### Market basket analysis project

The market basket analysis project utilizes the mlxtend library to analyze purchase patterns and associations in a retail dataset. The dataset, named "online_retail_II.xlsx", is read using the pd.ExcelFile function and stored in a dataframe called "retail".

The dataframe contains the following columns:
- Invoice: The unique identifier for each transaction.
- StockCode: The code for the item purchased.
- Description: The description of the item.
- Quantity: The quantity of the item purchased.
- InvoiceDate: The date and time of the transaction.
- Price: The price of the item.
- Customer ID: The unique identifier for each customer.
- Country: The country where the transaction took place.

The project aims to uncover associations between items frequently purchased together. It uses the Apriori algorithm from the mlxtend library to identify frequent itemsets, which are sets of items that appear together in a specified minimum number of transactions. The parameter "min_support" is set to determine the minimum support threshold for an itemset to be considered frequent.

Once the frequent itemsets are obtained, association rules are generated using the association_rules function. These rules indicate the likelihood of one item being purchased given the presence of another item(s) in a transaction. The parameters "min_threshold" and "metric" are used to set the minimum confidence threshold and the evaluation metric to be used in the rule generation process.

By analyzing the generated association rules, retailers can gain insights into product bundling, cross-selling opportunities, and customer purchasing behavior. This project can be a valuable tool for optimizing marketing strategies, improving product recommendations, and enhancing overall sales performance.



In [2]:
import pandas as pd
from mlxtend.frequent_patterns import apriori
from mlxtend.frequent_patterns import association_rules
import warnings
warnings.filterwarnings('ignore')

In [3]:
# Create an ExcelFile object using the pd.ExcelFile function
xlsx = pd.ExcelFile('online_retail_II.xlsx')
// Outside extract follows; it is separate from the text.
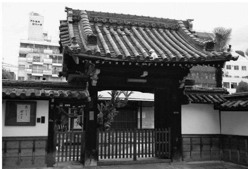
五井蘭州の墓のある実相寺の門（上本町）（二〇〇八年四月一九日 著者撮影）

し）、奔走するようだ。独り行けば感じやすく、気持ち がふさいで行きなすむ。ようやく実相寺の丘に上り、苔 むす墓に参り掃除する。これが先師の幽室だ。お声とお 姿を思い出して涙を流す。時間が速やかに過ぎるのを 嘆くうちに、三回忌がもうすぐ来る。先師の学を継ぐ者 はなく、誰がその徳を頌え事跡を記そう。弟子と旧友は、 涙を拭って相談した。「結果」我が兄弟は、久しく学問 しかつ文才があるとのことで、兄が文辞を撰し、弟が文 字を書いた。よくよく考え、遂に念願を遂げた。墓石を 買って石工に命じ、よくよく相談し、墓碑はけっこうに

# Read the data from the Excel file into a dataframe called "retail"
retail = pd.read_excel(xlsx)

# Display the first few rows of the dataframe using the .head() function
retail.head()

Unnamed: 0,Invoice,StockCode,Description,Quantity,InvoiceDate,Price,Customer ID,Country
0,489434,85048,15CM CHRISTMAS GLASS BALL 20 LIGHTS,12,2009-12-01 07:45:00,6.95,13085.0,United Kingdom
1,489434,79323P,PINK CHERRY LIGHTS,12,2009-12-01 07:45:00,6.75,13085.0,United Kingdom
2,489434,79323W,WHITE CHERRY LIGHTS,12,2009-12-01 07:45:00,6.75,13085.0,United Kingdom
3,489434,22041,"RECORD FRAME 7"" SINGLE SIZE",48,2009-12-01 07:45:00,2.1,13085.0,United Kingdom
4,489434,21232,STRAWBERRY CERAMIC TRINKET BOX,24,2009-12-01 07:45:00,1.25,13085.0,United Kingdom


In [3]:
retail.isnull().sum()

Invoice             0
StockCode           0
Description      2928
Quantity            0
InvoiceDate         0
Price               0
Customer ID    107927
Country             0
dtype: int64

In [4]:
# Remove leading and trailing whitespaces from the 'Description' column
retail['Description'] = retail['Description'].str.strip()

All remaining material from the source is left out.